Rum medya organları, Yunanistan’ın dış politikasındaki belirsizliklere dikkat çekerek, uluslararası alanda Türkiye ile yaşanan gerilimlerin nasıl yönetilmesi gerektiği konusunda çeşitli öneriler sunuyor. Rum gazeteleri, Yunanistan’ın geçmişte yaşanan deniz sınırı anlaşmazlıklarına karşı daha proaktif bir yaklaşım benimsemesini savunuyor. Bu bağlamda, kritik bir dönüm noktasında olduğu ifade edilen Yunan hükümetinin, sadece iç politikadaki çekincelerle değil, uluslararası arenadaki ilişkilerle de dengeli bir tutum geliştirmesi gerektiği yönünde eleştiriler sıklıkla gündeme geliyor.
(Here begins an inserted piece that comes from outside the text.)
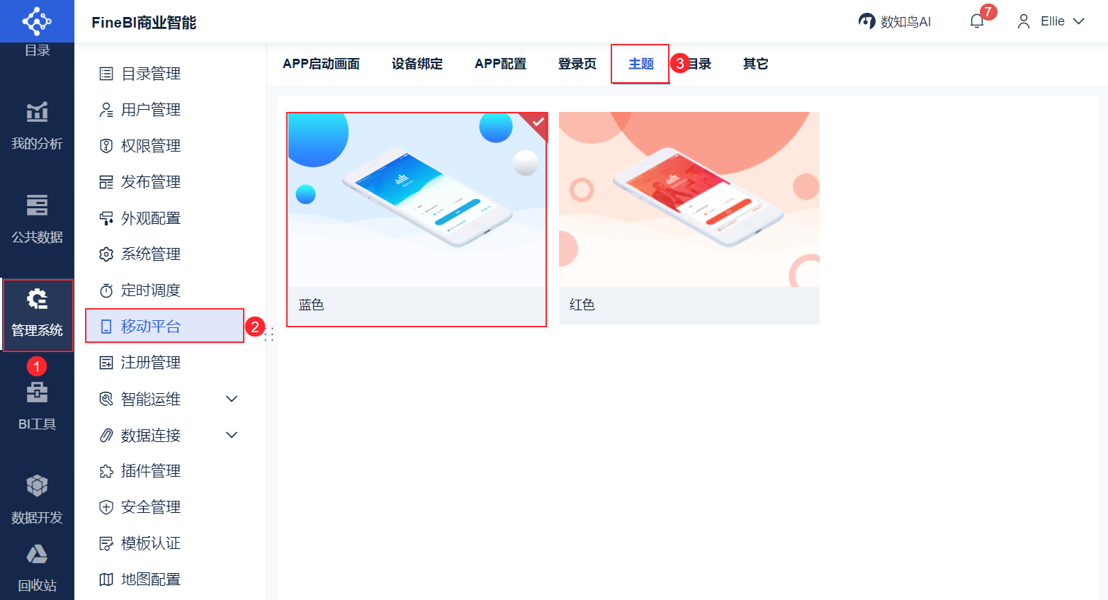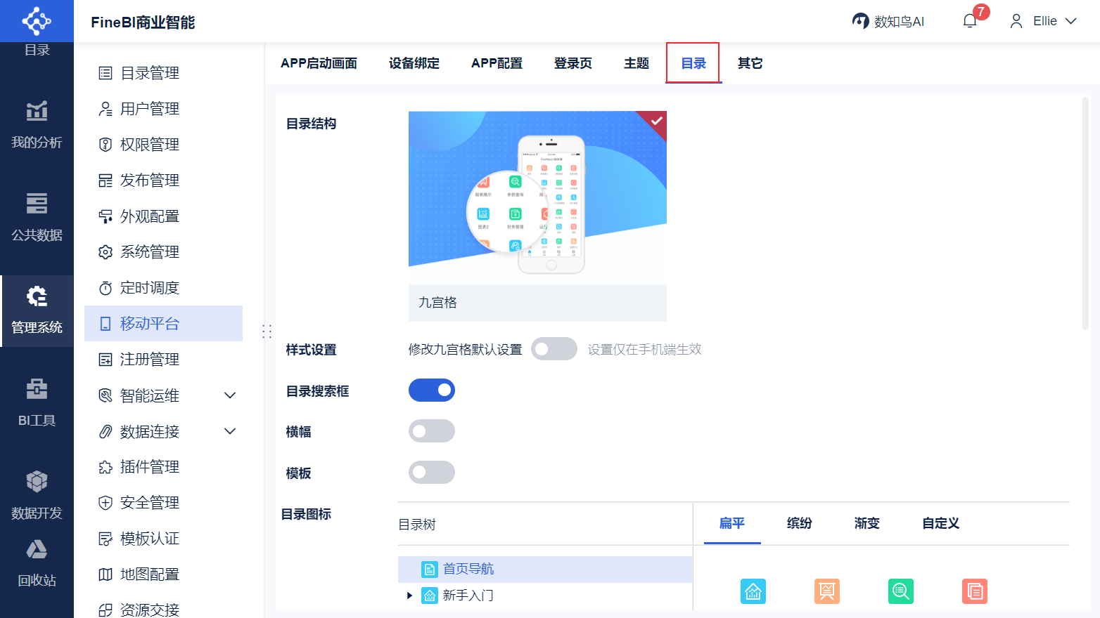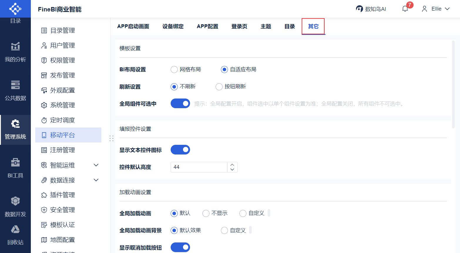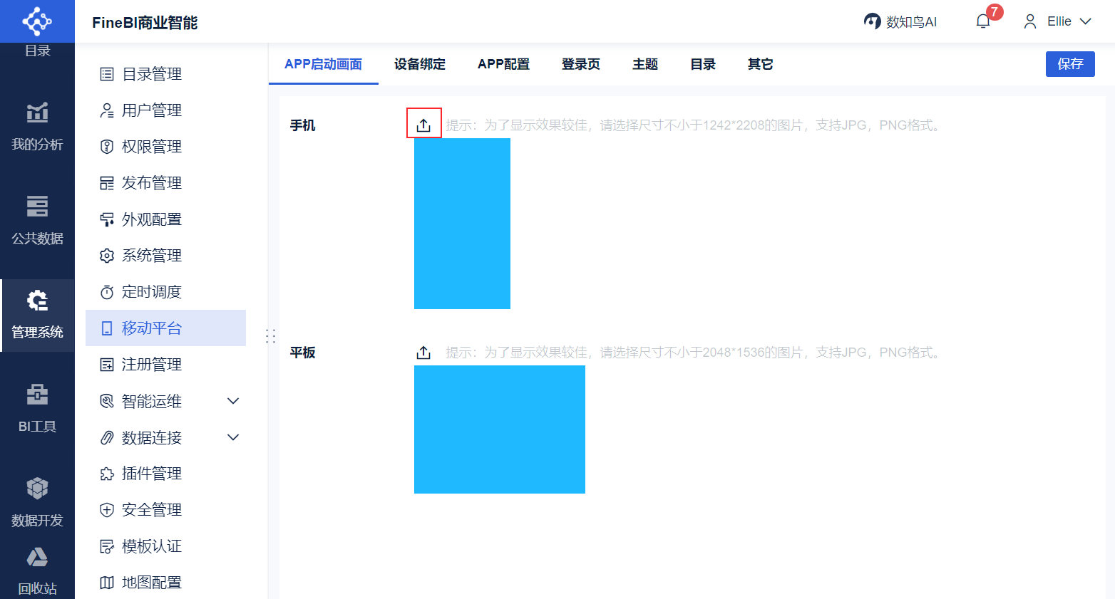 用户以管理员身份登录 BI,点击「管理系统>移动平台」,可看到 7 个 Tab 页,分别为:App 启动画面、设备绑定、APP配置、登录页、主题、目录、其他。

Yunanistan’ın bu süreçte nasıl bir stratejik yol haritası çizeceği ise merak konusu. Yunan hükümetinin, uluslararası destek almak için daha aktif bir politikaya geçmesi gerektiği, Rum basını tarafından sürekli vurgulanan bir nokta. Türkiye’nin, Doğu Akdeniz bölgesindeki etkisini artırması, Yunanistan’ın ve Kıbrıs’ın dış kaynaklardan destek arayışını hızlandırması da gündemde. Ancak, bu desteklerin ne ölçüde etkili olacağı ve Yunanistan’ın nasıl bir tavır sergileyeceği belirsizliğini koruyor.
Sonuç olarak, Yunanistan’ın Türkiye’den çekinme tutumunun ardında yatan nedenler, hem iç dinamikler hem de dış politikadaki belirsizlikler şeklinde öne çıkıyor. Rum basınının eleştirileri, Yunan yönetiminin bu süreçte ne kadar dikkatli ve cesur adımlar atacağını sorgularken, deniz altındaki potansiyel zenginliklerin de asıl hedeflerden biri olduğu düşünülüyor. Zira, bu tür kaynakların paylaşımında yaratılacak olan anlaşmazlıklar, yalnızca iki ülkenin değil, bölgedeki genel istikrar açısından da kaygı verici bir durum teşkil ediyor.
Yunanistan için deniz altındaki zenginlikler, sadece ekonomik anlamda değil, ulusal güvenlik açısından da büyük önem taşıyor. Dolayısıyla, bu stratejik alanda atılacak her adım, hem Yunanistan'ın hem de Kıbrıs'ın geleceği için belirleyici bir rol oynayacaktır. Ancak, bu belirsizliklerin ve çekincelerin nasıl aşılacağı, Yunan hükümetinin alacağı kararlarla şekillenecek gibi görünüyor. Gelişmeler merakla takip edilirken, Rum basını bu sürecin daha fazla dikkat gerektirdiğini her fırsatta dile getiriyor.